Roman, insanın kendi temsil biçimlerinin yetersizliğini dramatize ederken, aynı zamanda yeni bir yazı ve varoluş biçimi arayışını da betimler. McCarthy, bu yeni posthüman materyalizmin nasıl bir estetik form alabileceğini sorgular, Kleist’in “marionet tiyatrosu” metaforuyla insanın maddeyle olan ilişkisini yeniden yorumlar. Romanın kahramanı, dünya ile kendi zihni arasında bir denge kurmaya çalışır, Kleist’in kuklalarının ve protezlerin başardığı uyuma benzer bir deneyim yaşar: “Vücudum, etrafındaki atmosferde zarifçe, yavaşça, suda dans eden bir dansçı gibi akıcı ve zahmetsizce kaydı” ifadesiyle insanın maddi dünya ile uyum içinde var olma potansiyeline dair bir umut sunar.

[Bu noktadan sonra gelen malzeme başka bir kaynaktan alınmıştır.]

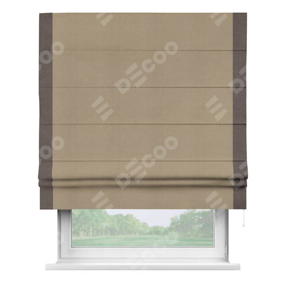 Римская штора производителя «Cortin», используется для проёма, пошита из ткани вельвет кофейный, артикул ткани 30980. Отделка шторы кантом «Стрим Дуо», ткань для канта используется из вельвета разной расцветки на выбор. Имеет универсальный механизм и подходит для монтажа: на потолок, на стену и в нишу.

Ancak “Remainder” bu uyumun erişilebilir olup olmadığını sorgularken, çağdaş posthümanizmin bize sunduğu bir diğer önemli soruyu da gündeme getirir: İnsan ve teknoloji arasındaki bu ilişki, çevresel felaketler ve toplumsal dönüşümlerle dolu bir dünyada nasıl sürdürülebilir? McCarthy’nin anlatısı hem insan hem de posthüman varoluş biçimlerinin sınırlarını ve potansiyellerini keşfeder, öte yandan da yeni bir uyumun nasıl mümkün olabileceğine dair derinlemesine bir sorgulamayı içerir. Roman, maddi dünyanın gerçekliği ile teknolojik uzantılarımız arasında nasıl yeni bir denge ve uyum kurabileceğimize dair bir düşünce alanı açar.

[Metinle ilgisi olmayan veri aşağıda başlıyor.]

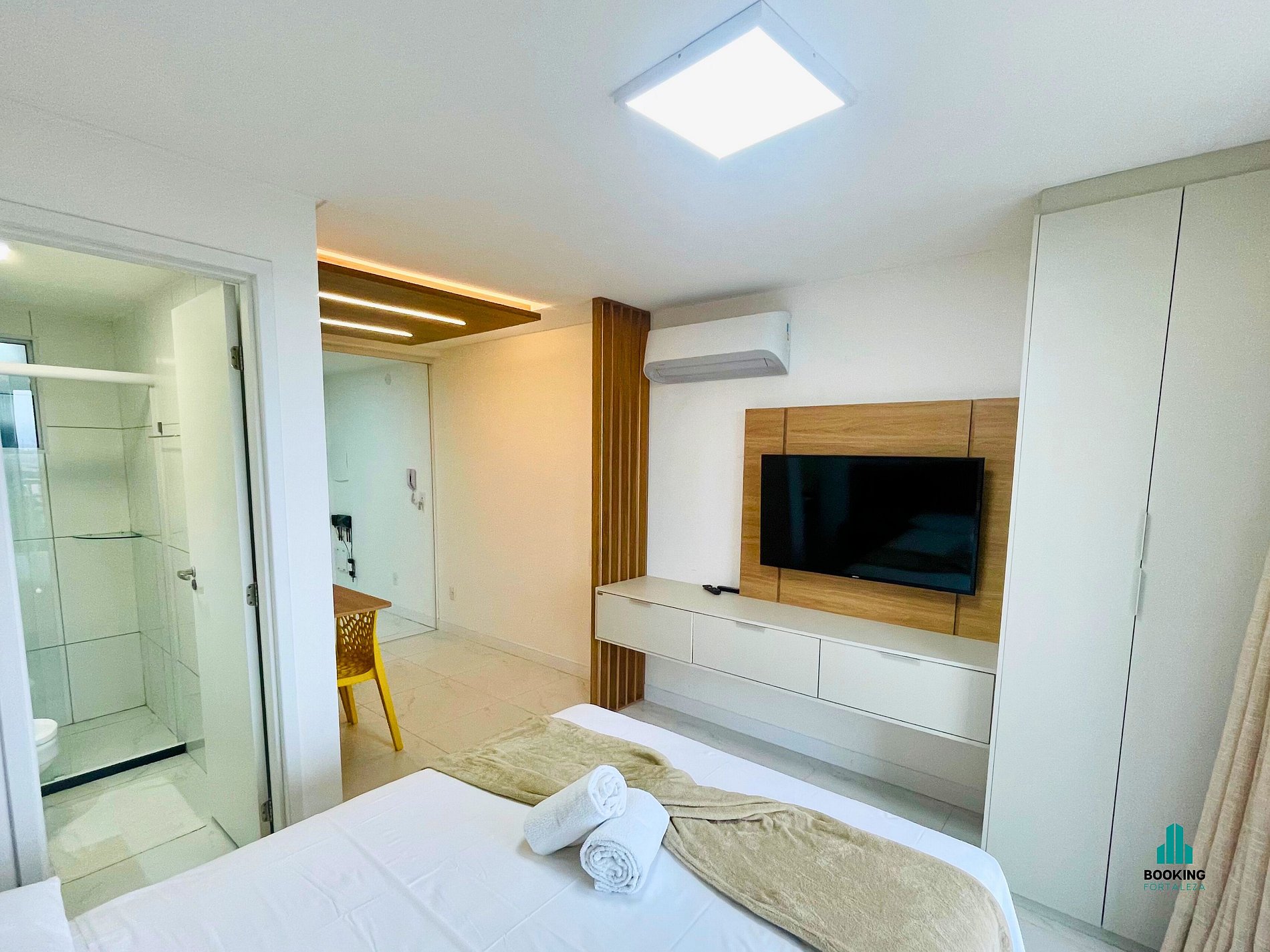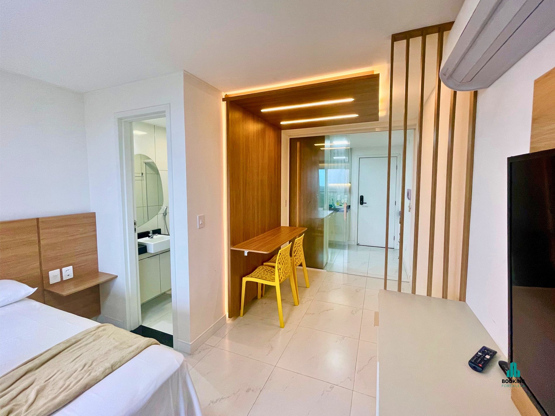 Desfrute de um studio moderno e confortável, ideal para casais ou executivos a trabalho. O espaço conta com:

Teknolojiyle şekillenen bu yeni dünyada, posthümanizm sadece felsefi bir kavram değil, aynı zamanda günlük hayatımızda giderek daha fazla karşılaştığımız bir gerçekliktir. İnsanlık bir yandan kendi yarattığı teknolojiler aracılığıyla sınırlarını genişletirken, diğer yandan da bu sınırların içinde kendi doğasını ve varoluşunu yeniden tanımlamak zorunda kalıyor. Orwell’in “1984”ünde olduğu gibi, geleceğin belirsizlikleri arasında, bedenlerimiz ve zihinlerimiz kimin kontrolünde olacak? Bu yeni dünya düzeninde, insanın özerkliği ve özgürlüğü ne kadar korunabilecek?
Belki de sorulması gereken en önemli soru şudur: İnsanın, teknolojiyle arasındaki bu karmaşık ilişkiyi yeniden düzenleyebilmesi mümkün mü? Beckett ve Ballard’ın eserlerinde ortaya çıkan posthümanist vizyon, insanın varoluş biçimlerini yeniden düşünmeye davet ediyor, McCarthy gibi çağdaş yazarlar ise teknolojinin insan doğası üzerindeki etkilerini derinlemesine sorguluyor. Bu yazının ele aldığı gibi, geleceğin dünyasında insanın yerini ve anlamını yeniden keşfetmek, belki de insanlığın en büyük meydan okuması olacak. Bizim bu meydan okumaya nasıl yanıt vereceğimiz ise geleceğimizi belirleyecek en önemli faktörlerden biri olacak.
Kaynak:
- Peter Boxall, “Science, Technology, and the Posthuman” in The Cambridge Companion to British Fiction: 1980–Present, Cambridge University Press, 2019.
Mükemmel bir yazı olmuş emeğinize sağlık.